## Problem details
All lines from the one containing "Mineralization of cover" through the end of the material are to be given back exactly, without pictures.

## Data in this exercise
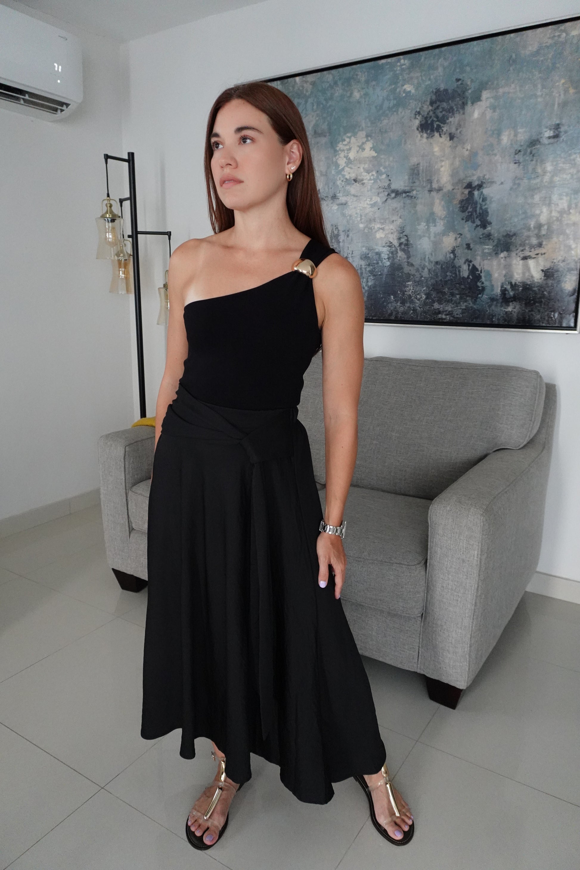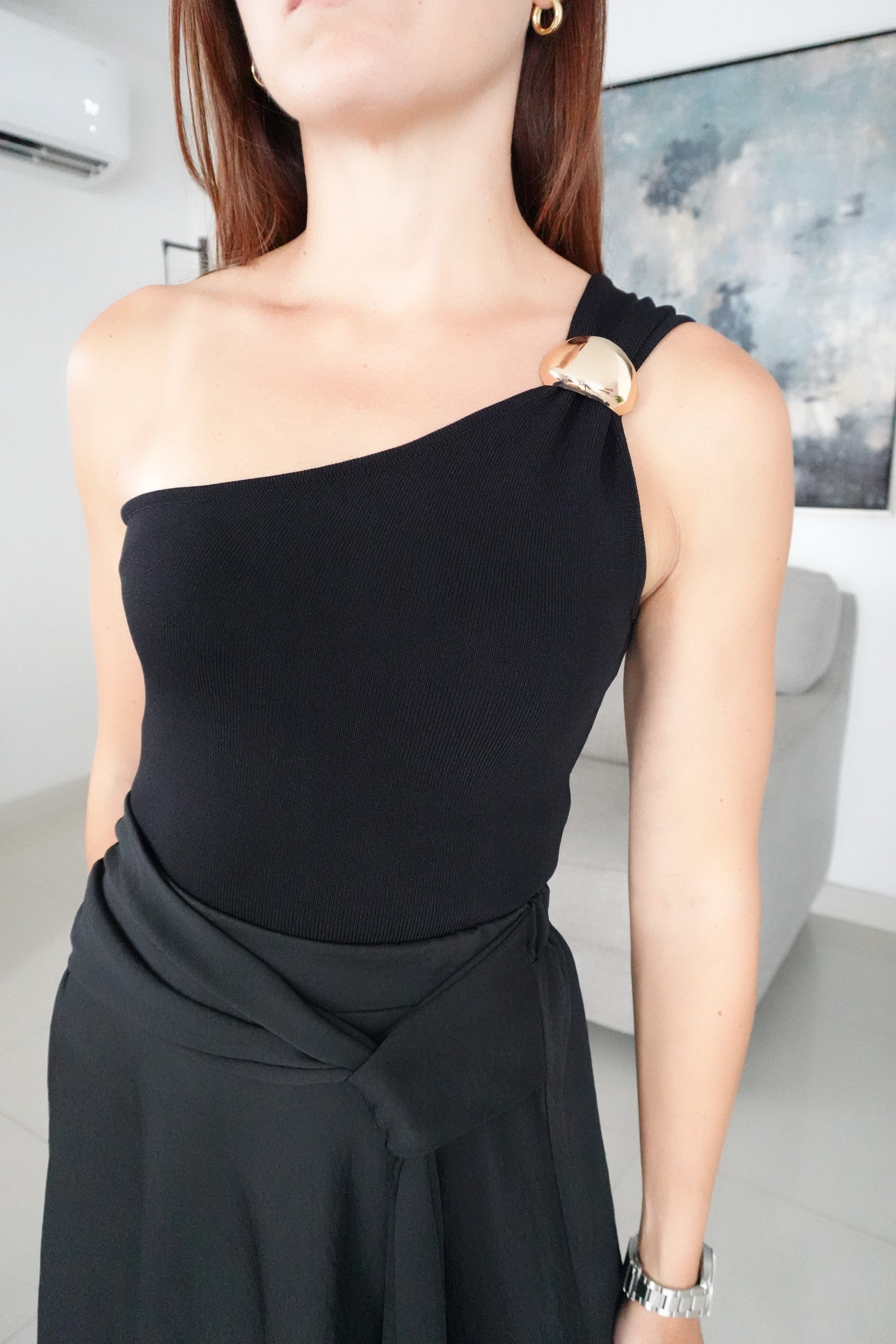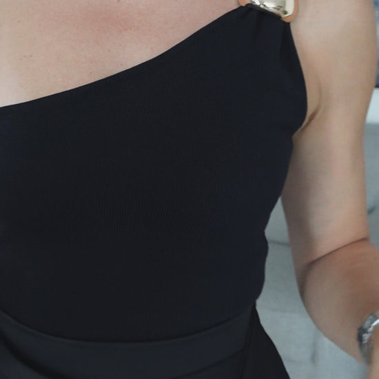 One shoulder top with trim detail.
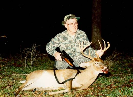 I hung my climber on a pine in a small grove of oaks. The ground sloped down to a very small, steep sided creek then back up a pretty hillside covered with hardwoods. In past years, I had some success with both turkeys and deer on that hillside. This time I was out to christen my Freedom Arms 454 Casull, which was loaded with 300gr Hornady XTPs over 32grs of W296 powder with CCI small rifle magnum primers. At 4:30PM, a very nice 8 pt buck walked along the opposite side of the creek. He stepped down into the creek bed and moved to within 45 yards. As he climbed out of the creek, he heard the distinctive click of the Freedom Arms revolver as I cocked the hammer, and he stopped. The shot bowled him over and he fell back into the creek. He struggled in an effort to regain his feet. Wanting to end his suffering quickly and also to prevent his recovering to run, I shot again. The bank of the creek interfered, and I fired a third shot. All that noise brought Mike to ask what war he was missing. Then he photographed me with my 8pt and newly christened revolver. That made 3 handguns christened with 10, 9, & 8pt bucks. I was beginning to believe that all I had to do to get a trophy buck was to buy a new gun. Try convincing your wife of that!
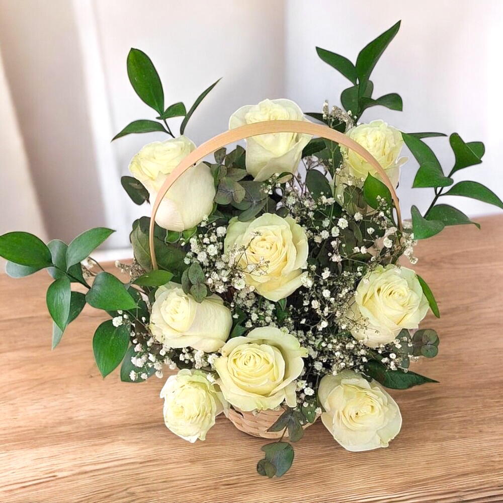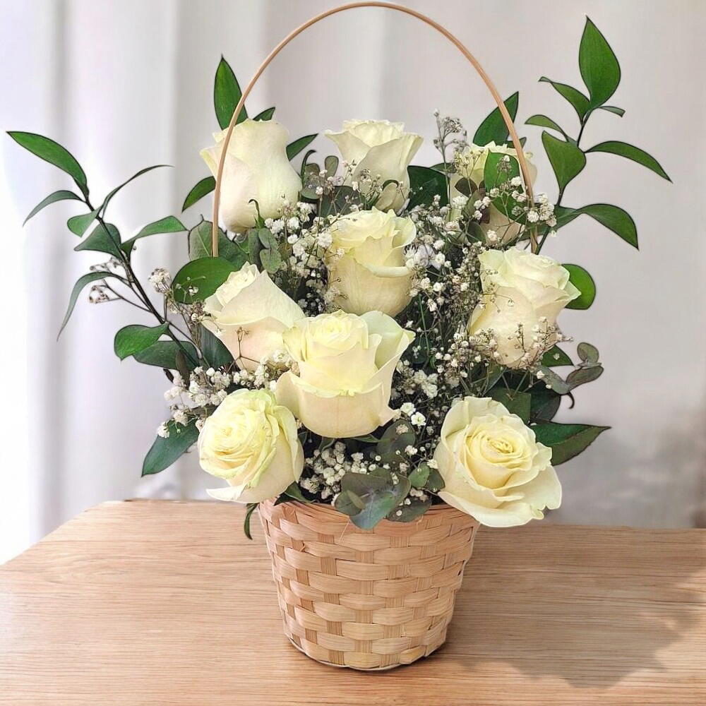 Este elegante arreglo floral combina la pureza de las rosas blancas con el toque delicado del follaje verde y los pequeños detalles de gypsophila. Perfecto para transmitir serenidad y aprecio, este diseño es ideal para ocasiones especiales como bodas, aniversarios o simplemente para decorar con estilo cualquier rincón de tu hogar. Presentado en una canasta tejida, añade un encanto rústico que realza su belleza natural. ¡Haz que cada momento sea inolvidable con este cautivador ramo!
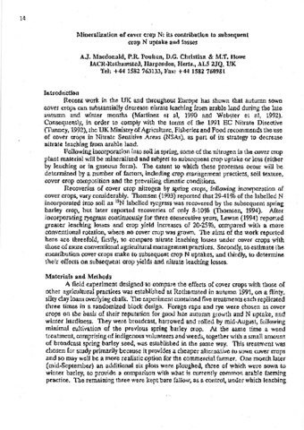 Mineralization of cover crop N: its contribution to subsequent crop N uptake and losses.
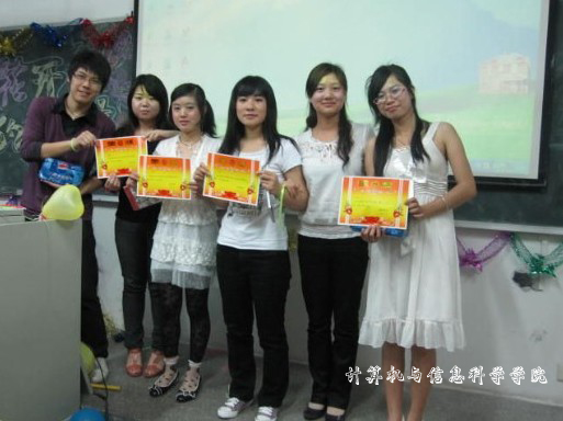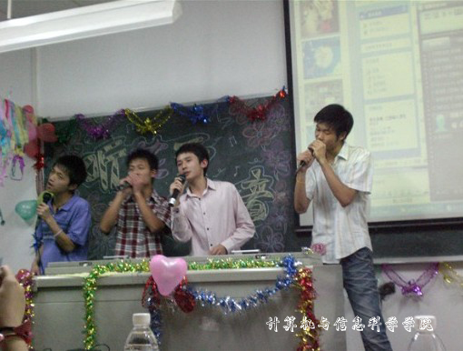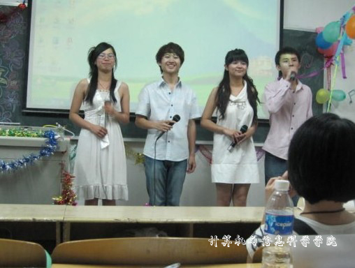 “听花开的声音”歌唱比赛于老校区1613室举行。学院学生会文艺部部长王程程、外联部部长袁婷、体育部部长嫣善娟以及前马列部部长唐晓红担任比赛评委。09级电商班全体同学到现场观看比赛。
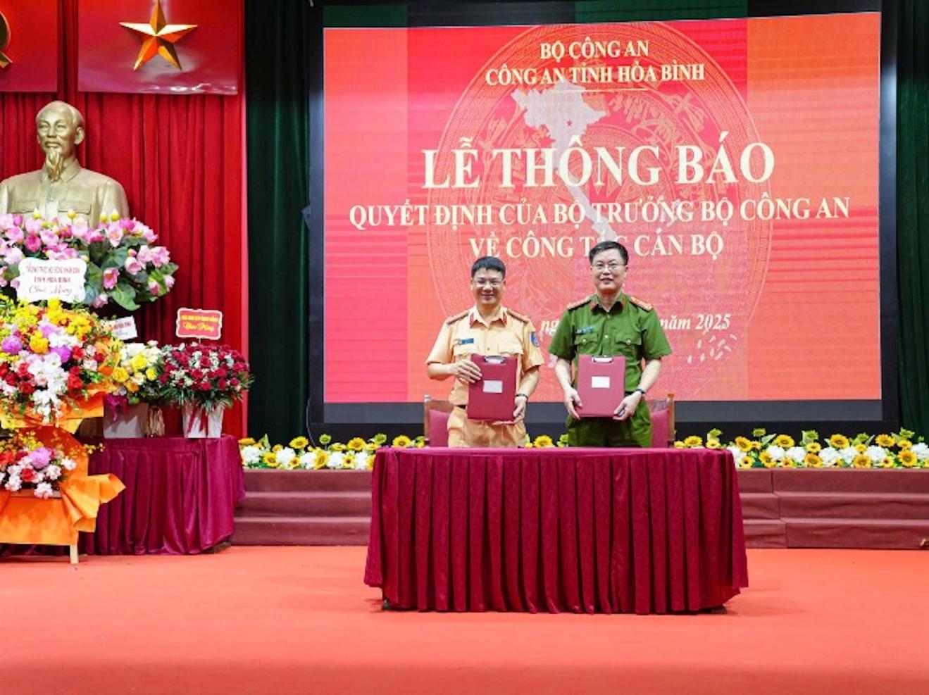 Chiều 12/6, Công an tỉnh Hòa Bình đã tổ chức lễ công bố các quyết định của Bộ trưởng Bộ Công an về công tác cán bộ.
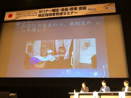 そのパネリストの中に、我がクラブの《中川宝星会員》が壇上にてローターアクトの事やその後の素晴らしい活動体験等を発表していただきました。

## Written solution
 Mineralization of cover crop N: its contribution to subsequent crop N uptake and losses.
 “听花开的声音”歌唱比赛于老校区1613室举行。学院学生会文艺部部长王程程、外联部部长袁婷、体育部部长嫣善娟以及前马列部部长唐晓红担任比赛评委。09级电商班全体同学到现场观看比赛。
 Chiều 12/6, Công an tỉnh Hòa Bình đã tổ chức lễ công bố các quyết định của Bộ trưởng Bộ Công an về công tác cán bộ.
 そのパネリストの中に、我がクラブの《中川宝星会員》が壇上にてローターアクトの事やその後の素晴らしい活動体験等を発表していただきました。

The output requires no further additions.